Prompt:
Please return the full listing exactly as written, with the images removed.

Records shown:
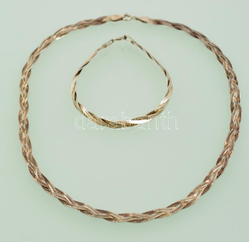 Ezüst(Ag) fonott nyaklánc és karkötő, jelzett, h: 16,5 és 39 cm, nettó... https://www.darabanth.com/hu/336-Gyorsarveres/336.0/Nemesfem-Disztargyak-Orak-es-Ekszerek/Nemesfem-Disztargyak-Orak-es-Ekszerek~2000357/EzustAg-fonott-nyaklanc-es-karkoto-jelzett-h-16-5-es-39-cm-netto-12-1-g~II1888815
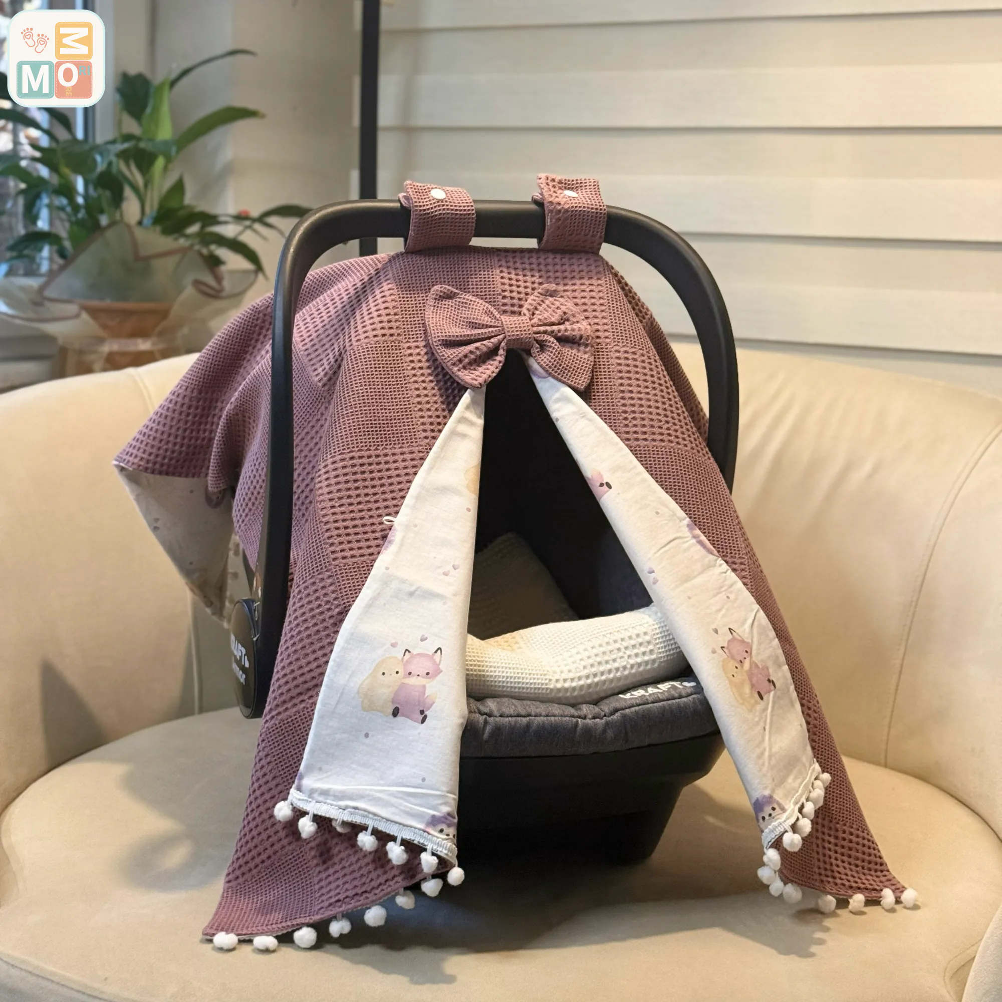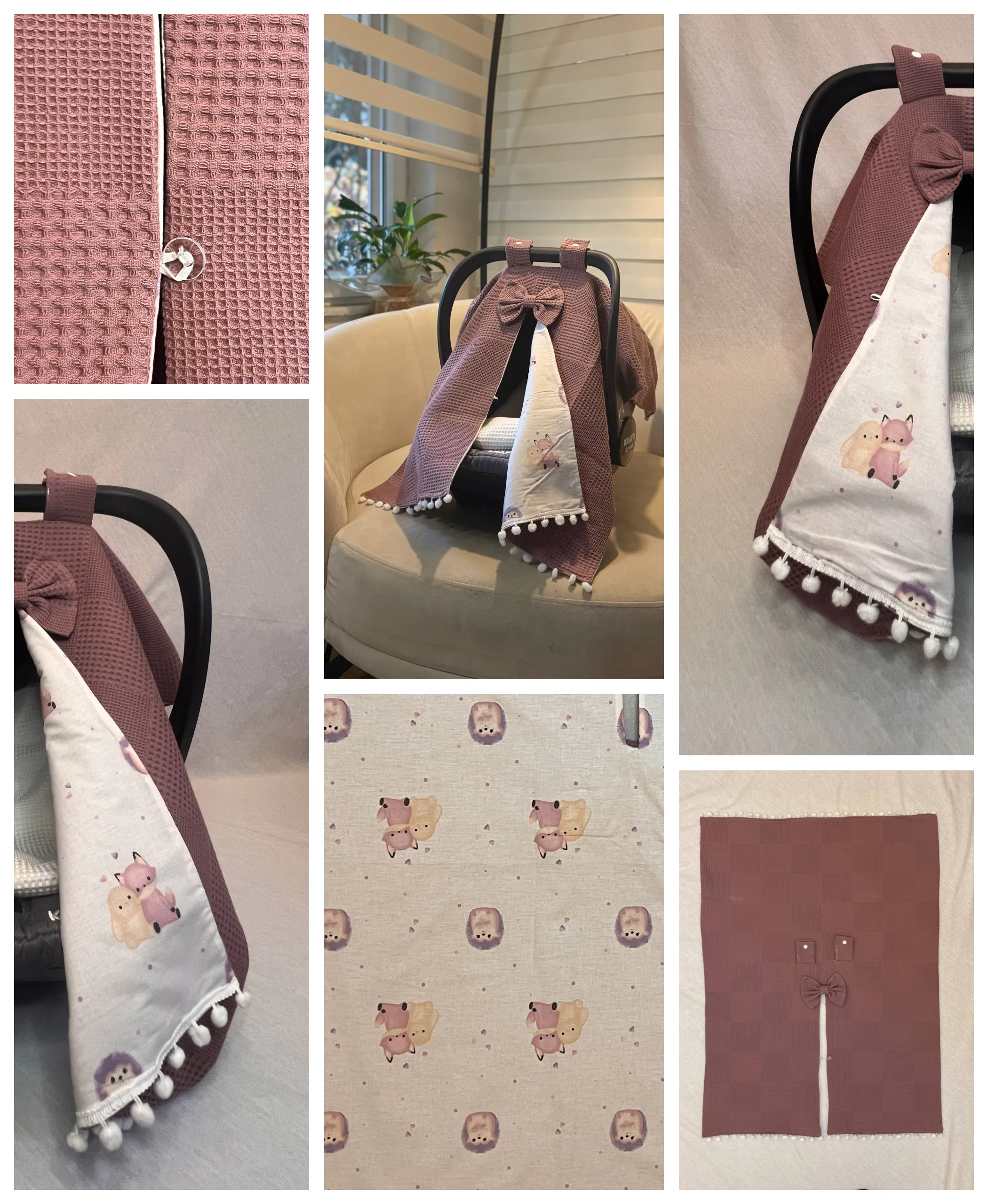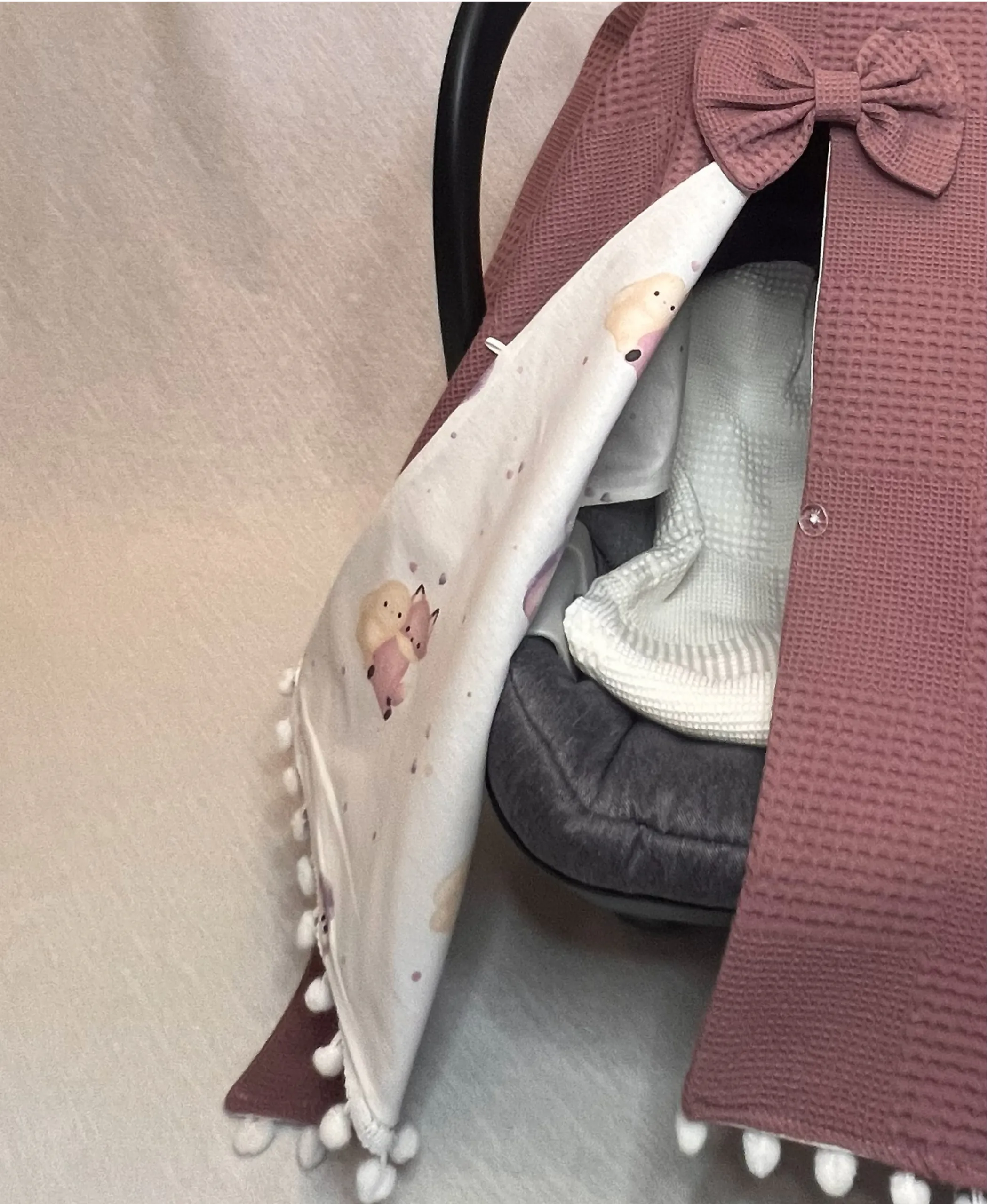 Focus: Dusty Rose Cotton Baby Car Seat Cover FoxBear cover set| waffle + poplin stroller canopy | foxbear pattern | optional pram liner
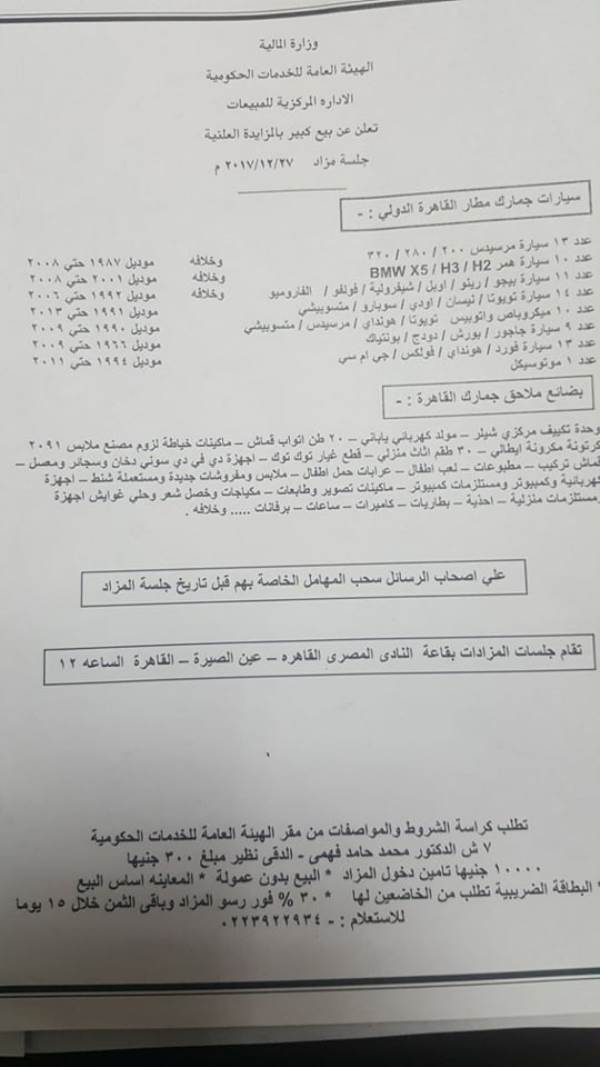 حصري: صور وماركات وموديلات مزاد "جمارك مطار القاهرة "يوم 27 الجارى
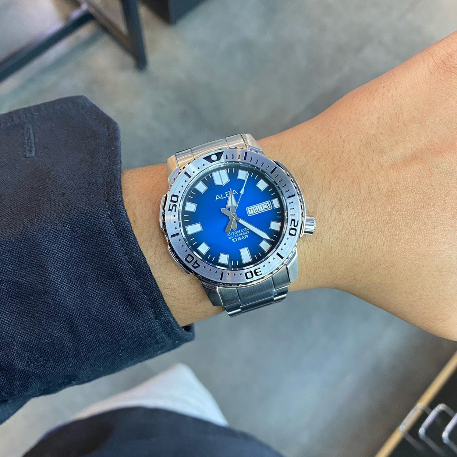 นาฬิกา ALBA Sport Automatic คอลเลกชัน Monster หน้าปัด Sunray ไล่โทนสีสะท้อนแสงสวยงาม Index และเข็มบอกเวลาเรืองแสงด้วย Luminous ขอบตัวเรือนแบบหยักหมุนได้ 2 ทิศทาง บอกเวลา 3 เข็ม พร้อมช่องแสดงวัน และวันที่ ตัวเรือนและสายสแตนเลสสตีล มาพร้อมกับบานพับแบบปลดล็อคด้วยปุ่มกด
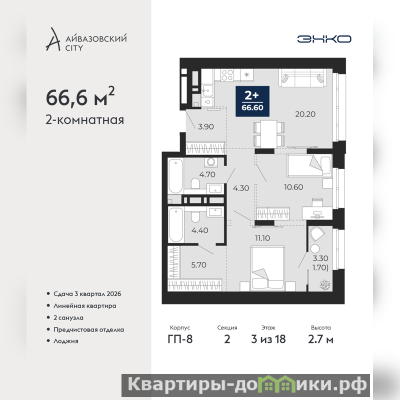 Продается 2-комн. квартира с предчистовой отделкой в ЖК "Айвазовский City" на 3 этаже. Общая площадь: 66.6 кв.м., жилая: 21.7 кв.м., площадь просторной кухни-столовой: 20.2 кв.м. Комнаты изолированные, все окна выходят на одну сторону. В квартире одна лоджия, два совмещенных санузла. Высота потолков 2.7 м.
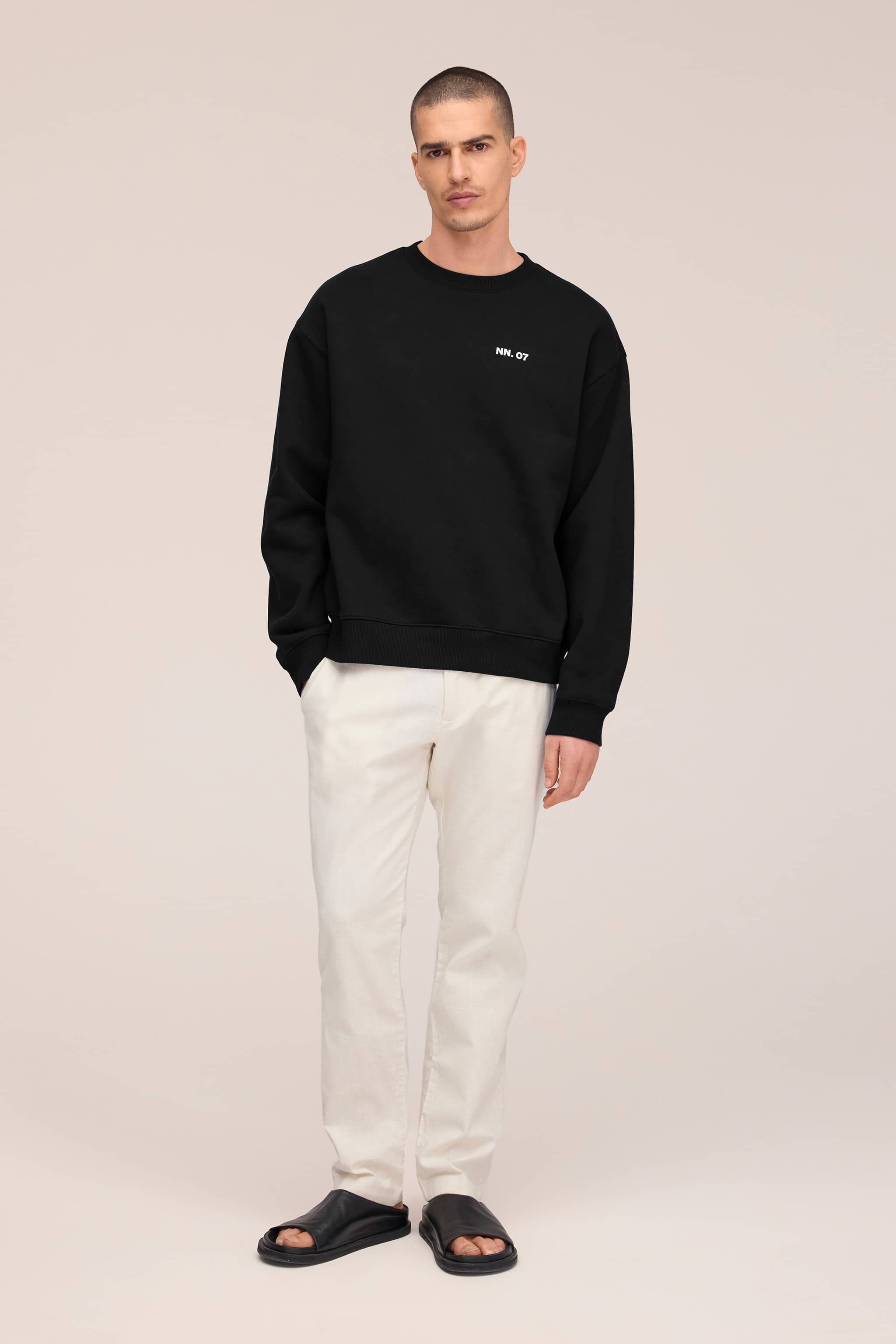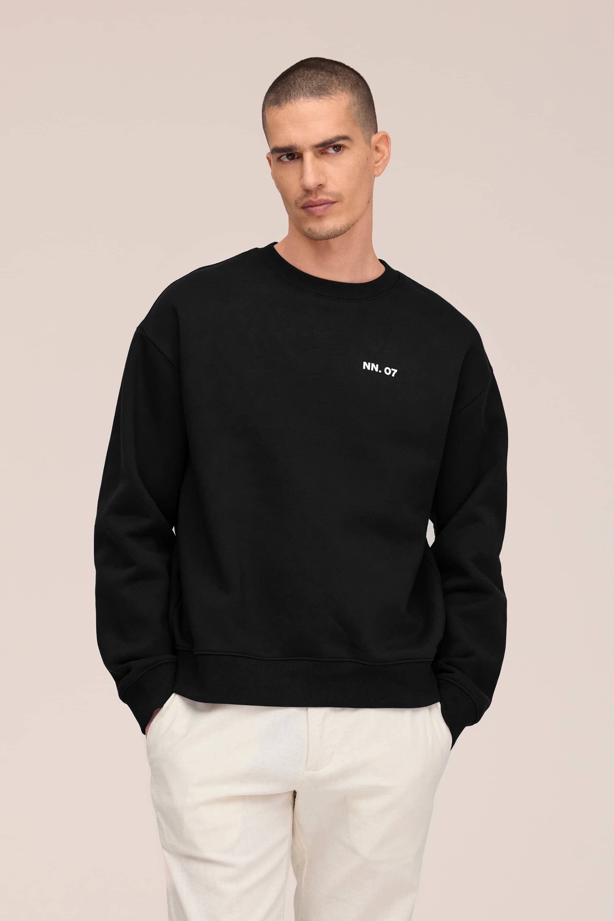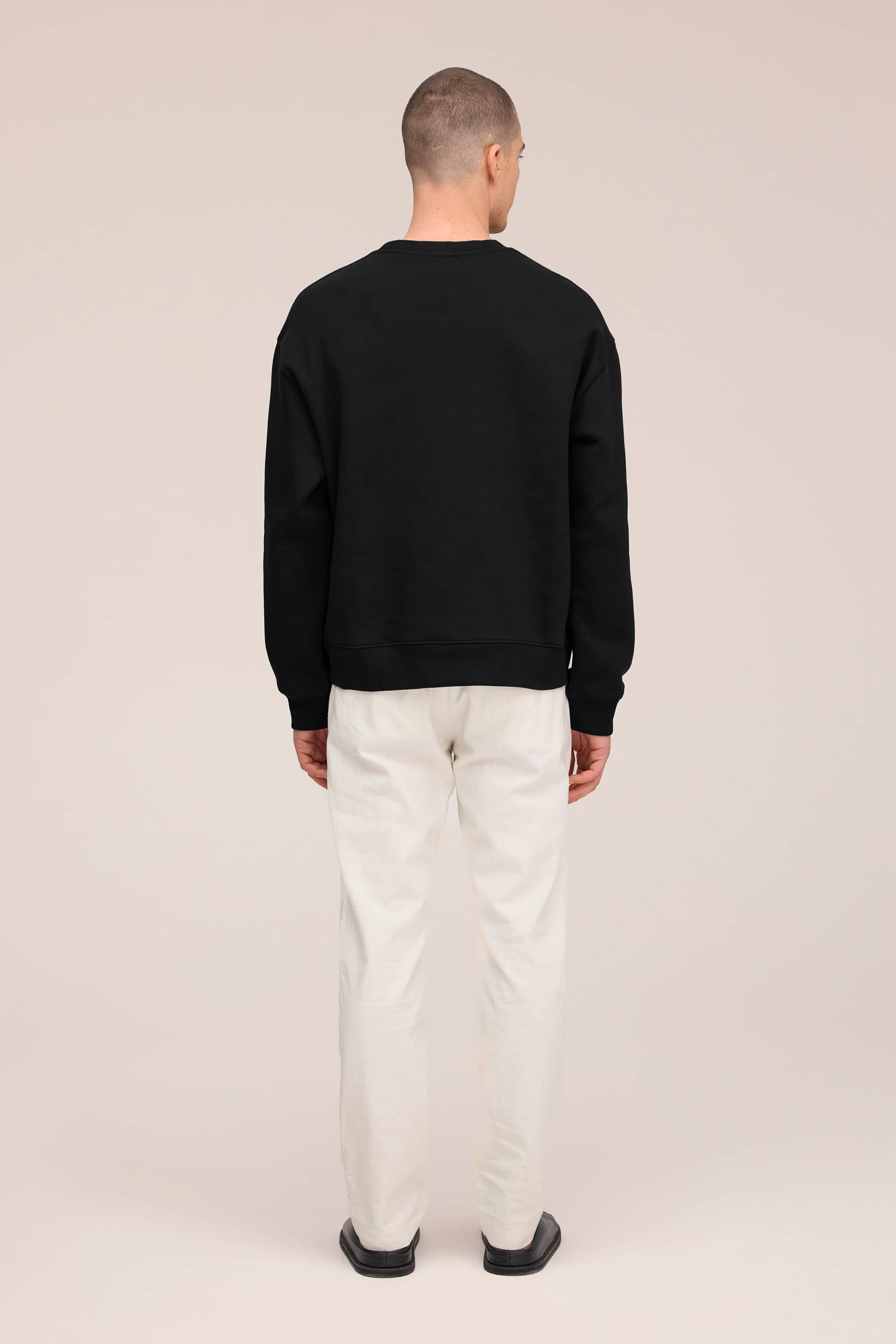 Klassisk rundhalsad sweatshirt i slät ekologisk bomullsblandning, diskret dekorerad med logotyp på bröstet.

Solved exercise:
 Ezüst(Ag) fonott nyaklánc és karkötő, jelzett, h: 16,5 és 39 cm, nettó... https://www.darabanth.com/hu/336-Gyorsarveres/336.0/Nemesfem-Disztargyak-Orak-es-Ekszerek/Nemesfem-Disztargyak-Orak-es-Ekszerek~2000357/EzustAg-fonott-nyaklanc-es-karkoto-jelzett-h-16-5-es-39-cm-netto-12-1-g~II1888815
 Focus: Dusty Rose Cotton Baby Car Seat Cover FoxBear cover set| waffle + poplin stroller canopy | foxbear pattern | optional pram liner
 حصري: صور وماركات وموديلات مزاد "جمارك مطار القاهرة "يوم 27 الجارى
 นาฬิกา ALBA Sport Automatic คอลเลกชัน Monster หน้าปัด Sunray ไล่โทนสีสะท้อนแสงสวยงาม Index และเข็มบอกเวลาเรืองแสงด้วย Luminous ขอบตัวเรือนแบบหยักหมุนได้ 2 ทิศทาง บอกเวลา 3 เข็ม พร้อมช่องแสดงวัน และวันที่ ตัวเรือนและสายสแตนเลสสตีล มาพร้อมกับบานพับแบบปลดล็อคด้วยปุ่มกด
 Продается 2-комн. квартира с предчистовой отделкой в ЖК "Айвазовский City" на 3 этаже. Общая площадь: 66.6 кв.м., жилая: 21.7 кв.м., площадь просторной кухни-столовой: 20.2 кв.м. Комнаты изолированные, все окна выходят на одну сторону. В квартире одна лоджия, два совмещенных санузла. Высота потолков 2.7 м.
 Klassisk rundhalsad sweatshirt i slät ekologisk bomullsblandning, diskret dekorerad med logotyp på bröstet.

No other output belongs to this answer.